If resource wars escalate to nuclear wars, the effects will be severe, even in the case of a “minor” nuclear war between countries like India and Pakistan. Even if each country uses only fifty Hiroshima-sized bombs as air bursts above urban centers, a nuclear winter will result.6Although lethal levels of fallout last only a matter of weeks, the ecological effects will be far more severe. The five megatons of smoke produced will darken the sky around the world. Stratospheric heating will destroy most of what remains of the ozone layer.7 In contrast to the overall warming trend, a “little ice age” will begin immediately and last for several years. During that period, temperatures in major agricultural regions will routinely drop below freezing in summer. Massive and immediate starvation will occur around the world.

That’s in the case of a small war. The explosive power of one hundred Hiroshima-sized bombs accounts for only 0.03 percent of the global arsenal. If a larger number of more powerful bombs are used—or if cobalt bombs are used to produce long-term irradiation and wipe out surface life—the effects will be even worse.8 There will be few human survivors. The nuclear winter effect will be temporary, but the bombing and subsequent fires will put large amounts of carbon into the atmosphere, kill plants, and impair photosynthesis. As a result, after the ash settles, global warming will be even more rapid and worse than before.
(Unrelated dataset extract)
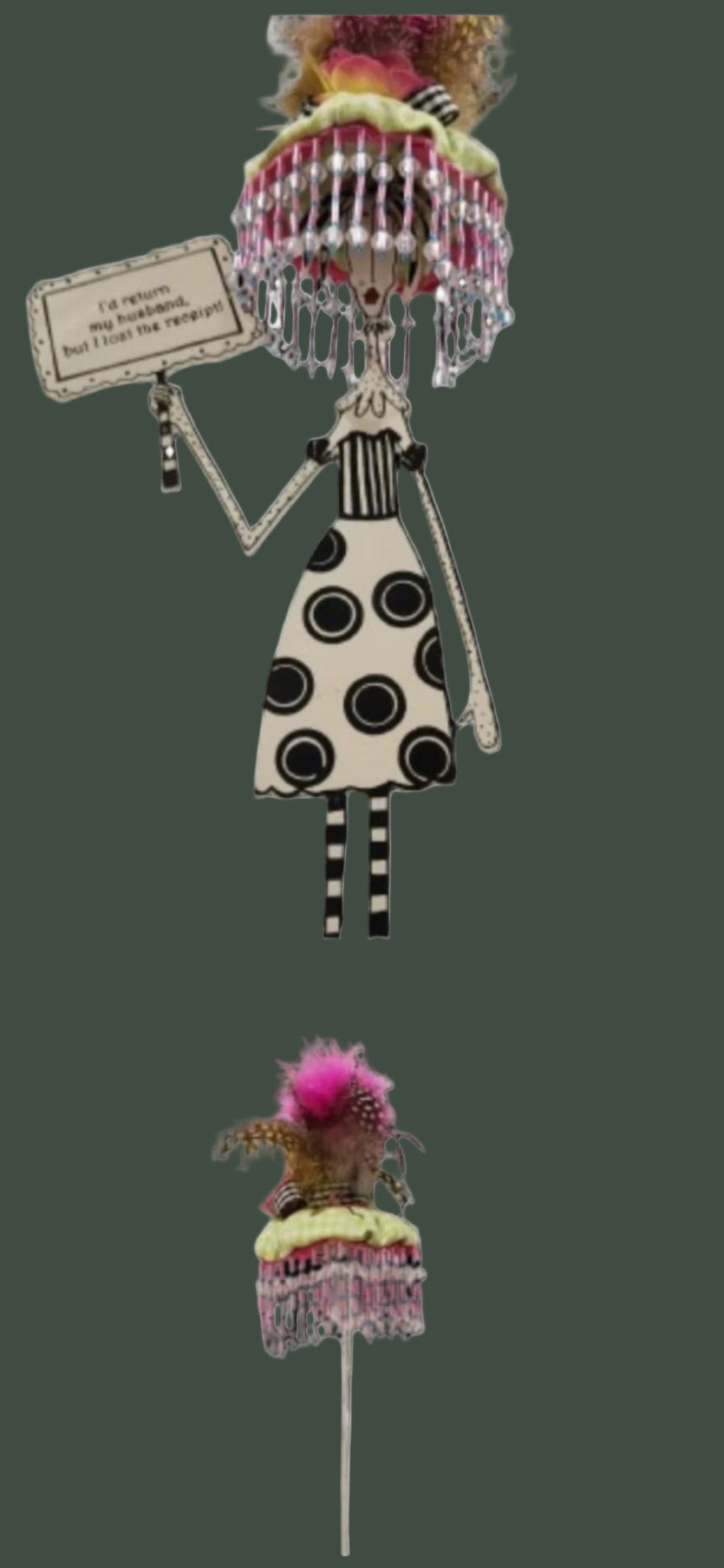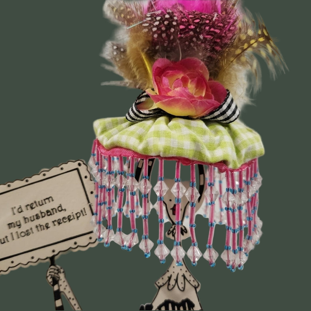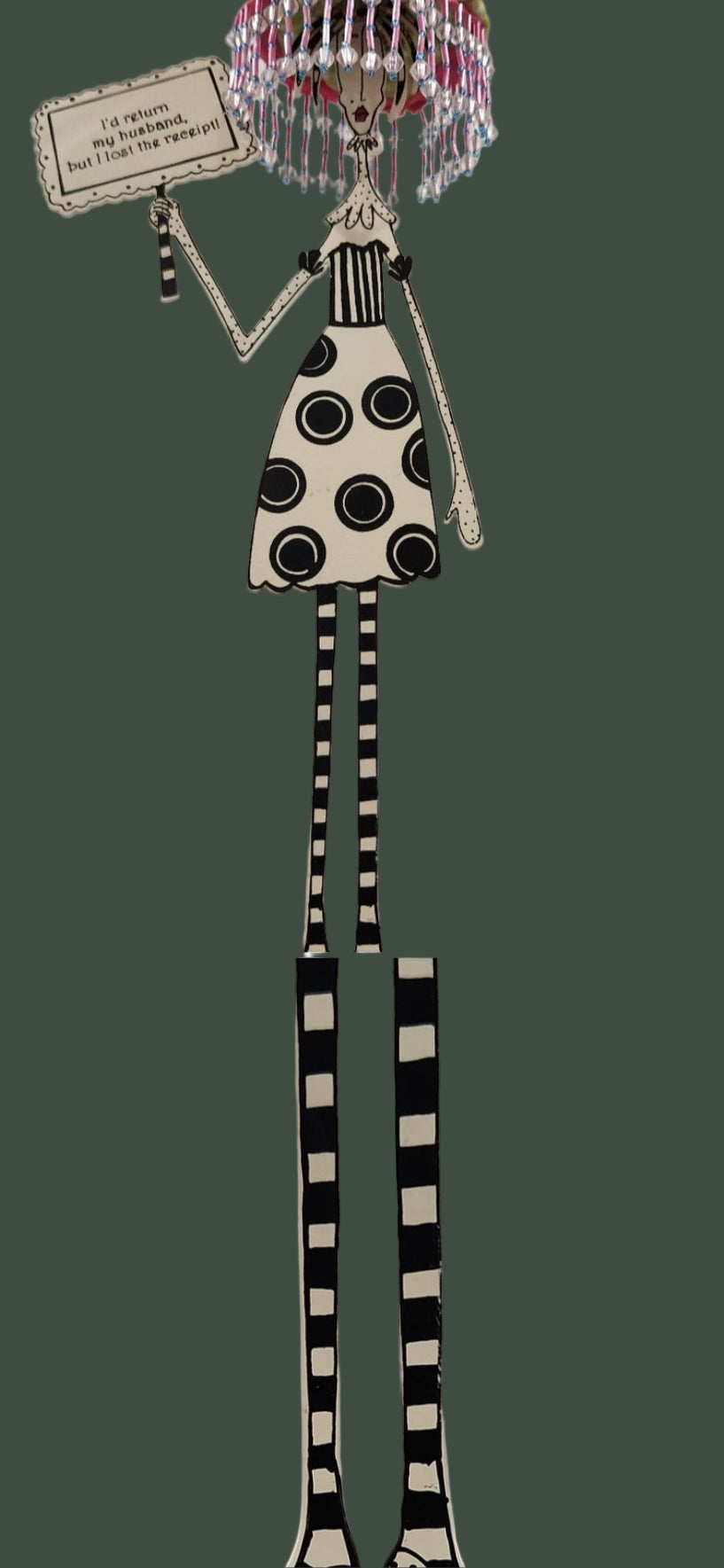 The Silvestri Comical Table Display, showcasing the 2005 edition design "I would return my husband but I lost my receipt," brings a clever and entertaining element to any setting. Skillfully designed, this display merges humor with practicality, serving as an excellent conversation piece while efficiently presenting your products.

Nuclear war or not, the long-term prospects are dim. Global warming will continue to worsen long after fossil fuels are exhausted. For the planet, the time to ecological recovery is measured in tens of millions of years, if ever.9 As James Lovelock has pointed out, a major warming event could push the planet into a different equilibrium, one much warmer than the current one.10 It’s possible that large plants and animals might only be able to survive near the poles.11 It’s also possible that the entire planet could become essentially uninhabitable to large plants and animals, with a climate more like Venus than Earth.

All that is required for this to occur is for current trends to continue without substantive and effective resistance. All that is required for evil to succeed is for good people to do nothing. But this future is not inevitable.